Paes de Andrade (CE) MDB 
1989-1991

Durante 1989, assumiu 12 vezes a Presidência da República. Nessas ocasiões, foi alvo de críticas por não seguir determinações de Sarney e quase demitir um ministro interino, Paulo César Ximenes, da Fazenda. Ao voltar para a Câmara, após passagem pelo Executivo, manteve o arquivamento de denúncias contra Sarney apresentadas pela CPI que investigou irregularidades na administração. A decisão havia sido tomada por Inocêncio de Oliveira, seu substituto no comando da Casa.

Ibsen Pinheiro (RS) MDB
1991-1993

Comandou a Casa durante o processo de impeachment de Fernando Collor.

Inocêncio de Oliveira (PE) PFL (atual DEM) 
1993-1995

Votou a favor da abertura do processo de impeachment contra Collor. Já com Itamar Franco no Executivo, foi defensor do Plano Real, principal medida do presidente.

Luís Eduardo Magalhães (BA) PFL (atual DEM)
1995-1997

Próximo de Fernando Henrique Cardoso, atuou para que o PFL apoiasse a candidatura do tucano à Presidência. O partido acabou assumindo a vice, com Marco Maciel. Teve o apoio de FHC na campanha para o comando à Câmara. Morreu em 1998, quando era líder do governo na Casa.

Michel Temer (SP) MDB 
1997-1999/1999-2001

Sua candidatura ao comando da Casa teve apoio do Planalto, que contava com o MDB para a aprovação da emenda da reeleição —a medida acabou passando. Em 1999, foi reeleito para o posto, sendo o único candidato na corrida. Barrou iniciativa da oposição que pedia abertura de processo de impeachment contra FHC.

Aécio Neves (MG) PSDB 
2001-2002

Eleito em primeiro turno, derrotou o candidato do PFL, Inocêncio de Oliveira. Ao assumir o posto, disse que a relação com o Planalto seria “serena e sóbria, mas altiva”. “É possível ser presidente da Câmara, filiado ao partido do presidente e dar dignidade a esta Casa”.

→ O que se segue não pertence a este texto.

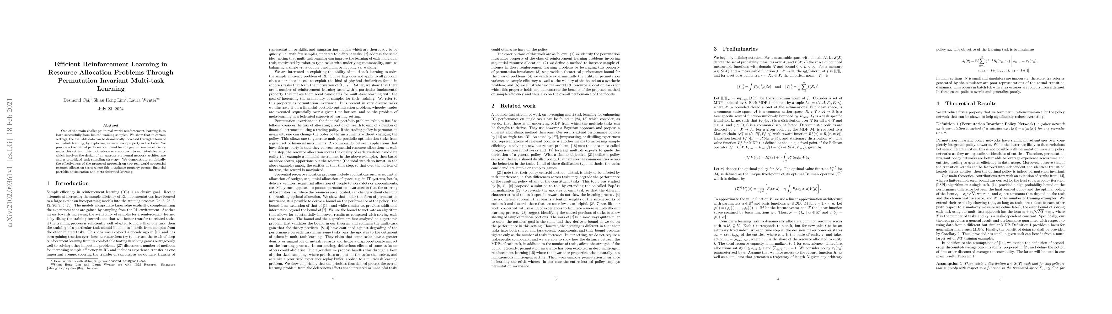 This paper proposes a permutation invariant multi-task learning approach to enhance reinforcement learning's sample efficiency, leveraging task invariance properties. The method is theoretically justified and empirically validated on financial portfolio optimization and meta federated learning.

Efraim de A. Morais (PB) PFL (atual DEM) 
2002-2003

Assumiu o posto após Aécio Neves, eleito governador de Minas Gerais, renunciar.

João Paulo Cunha (SP) PT 
2003-2005

Candidato único, foi eleito com 434 votos. Liderou propostas de reforma lançadas por Lula.

João Severino Cavalcanti (PE) PPB (atual PP) 
2005

O “rei do baixo clero”, como ficou conhecido em 2005, aproveitou-se de um racha na base do PT e venceu a disputa contra o candidato oficial do governo Lula, Luiz Eduardo Greenhalgh. Passou apenas sete meses no cargo. Nesse período, barrou pedidos de abertura de impeachment contra Lula.

Aldo Rebelo (SP) PC do B
2005-2007

Antes de ser eleito, foi ministro de Lula. Identificado com os petistas, teve apoio do Planalto na corrida para o cargo

Arlindo Chinaglia (SP) PT 
2007-2009

A eleição, vencida no segundo turno contra Rebelo, gerou um racha na base aliada do governo Lula. O bloco de apoio de Chinaglia, que contava com partido como MDB e PP, foi alvo de críticas por aliados do presidente.

Michel Temer (SP) MDB 
2009-2010

A terceira passagem de Temer pela presidência da Câmara gerou preocupação do Planalto logo na eleição. O emedebista venceu Rebelo e Ciro Nogueira (PP-PI), de partidos aliados do governo. Na época, José Múcio Monteiro, ministro de Relações Institucionais, admitiu que a disputa deixaria sequelas na base governista.

Marco Maia (RS) PT
2010-2012

O petista foi eleito com 375 votos, contra 106 de Sandro Mabel (PR-GO, hoje PL), 16 de Chico Alencar (PSOL-RJ) e apenas 9 do então deputado Jair Bolsonaro (PP-RJ). A eleição fez parte de um acordo costurado com o MDB. Maia foi escolhido o candidato oficial do Planalto, e sua vitória significou, portanto, uma vitória do governo.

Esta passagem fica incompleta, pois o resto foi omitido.